Two other Korean films I enjoyed were the time-travelling fantasy melodrama My Mother the Mermaid, and dark comedy The Wolf Returns. I was fortunate to experience more of the local fan culture when director Park Heung-shik and leading man Park Hae-il (who in Memories of Murder might have been the bad guy) graced Mermaid’s post-screening. Viewers loved the tone and Cheju Island setting of this picture, with one young woman commenting that she had finally discovered something that she could watch with their own mother. The story takes a daughter, into the past where she meets her parents at the dawn of their relationship, a journey that complicates her understanding of their since difficult lives. The gritty contemporary framing narrative, featuring a ferociously stubborn mother and a wretched, near-mute father, is heavily contrasted by a nostalgic mid-section tracing their affectionate and amusing beginnings as, respectively, diver and postal courier. Thus contextualised against the raw portrayal of the troubled present, the timeless love whimsy is made to feel exceptionally artificial, a product of the daughter’s hopeful imagination, grounding Mermaid in its depiction of a cruel and somewhat unpleasant social reality. The makeup, costumes, hairdressing and special effects that allow the chameleonic Jeon Do-yeon (Happy End) to play both daughter and mother in the past are outstanding, but at times the actress seems lost in the dreamy requirements of the daughter while in turn overstating the younger mother’s ‘delightful peasant’ persona. For his role of the young father, Park Hae-il earned the rapturous welcome of the audience, wowing them with a brief mimic of his character’s hilarious exploitation of English.
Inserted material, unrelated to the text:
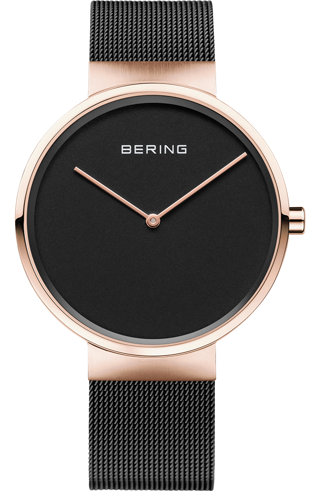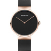 Γυναικείο ρολόι Bering από ροζ επιχρυσωμένο ανοξείδωτο ατσάλι με μαύρο καντράν και μπρασελέ.

Summery colours and the sound of cicadas pervade The Wolf Returns, a work that evokes jocular continental Europe at a juncture when Hollywood modes of production in Korea are so dominant. Although it is unsuccessful as a coherent and sustained dark comedy, for Korean cinema junkies Wolf’s atypicality is refreshing and it gave me at least a charming, unexpected festival interlude. It involves the willing relocation of a city cop (Yang Dong-geun, Address Unknown) to a rural outpost somewhere in the beautifully shot Kangwon Province. Since it’s a zero crime area, life is fantastic. But when it’s announced that their station is below quota and hence tabled for closure, Yang seizes the initiative and humorously tries to create wrongdoings. The plot navigates dozens of trivial situations and introduces more characters than the relaxed pacing can stay abreast of, but we’re assuredly returned to Yang’s reasons for escaping a hectic life and the progressive accumulation of Wolf’s small details proves to be a pleasurable, if befuddling, experience.
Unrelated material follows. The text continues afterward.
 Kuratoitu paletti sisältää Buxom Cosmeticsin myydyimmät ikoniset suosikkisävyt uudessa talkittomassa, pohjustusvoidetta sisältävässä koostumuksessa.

Of all the national crops this year I thought the Japanese films boasted the highest quality. Lakeside Murder Case had a high profile coming into the festival and was constantly in great demand in the video screening room. While the premise and setting are fantastic (a man’s mistress is murdered while he and his estranged wife attend a prolonged pre-examination for their daughter at an elite boarding school), the mystery becomes involved in minutiae and crawls towards a bold climax that felt past its internal and extra-textual use-by date. Its renowned leading hand, Koji Yakusho (Shall We Dance, Cure), is far less idle in one of the revelations of the festival, University of Laughs, from veteran TV director Mamoru Hoshi. Developed by Fuji Television, and with little to show for itself in terms of production ‘values,’ this is a devastatingly funny two-hander largely set within the confines of a theatrical script censor’s office in Tokyo in 1940, when censors evidently judged nationalist sentiment desirable if not imperative. Uproarious rapid-fire exchanges of dialogue in Koki Mitani’s astonishing screenplay obviate apprehensions with the static spatial confines, figuratively peeling back the walls with his wonderfully imagined verbal battles between the censor and a talented young playwright. While shot-reverse shot editing dictates the repartee early on, the camera is released from static compositions as a function of the censor’s gradual bonding with the writer. Given its subject matter, what could have easily been maintained as unadventurous canned theatre is transformed into an enthralling mobile-camera, character-centered piece that flaunts its comparable love for both theatrical and cinematic forms. It’s a case of an appealing marriage between form and content, between director and scenarist, and the performers inhabit the material like two long lost brothers – certainly the most harmonious arrangement of elements in anything I saw at Pusan.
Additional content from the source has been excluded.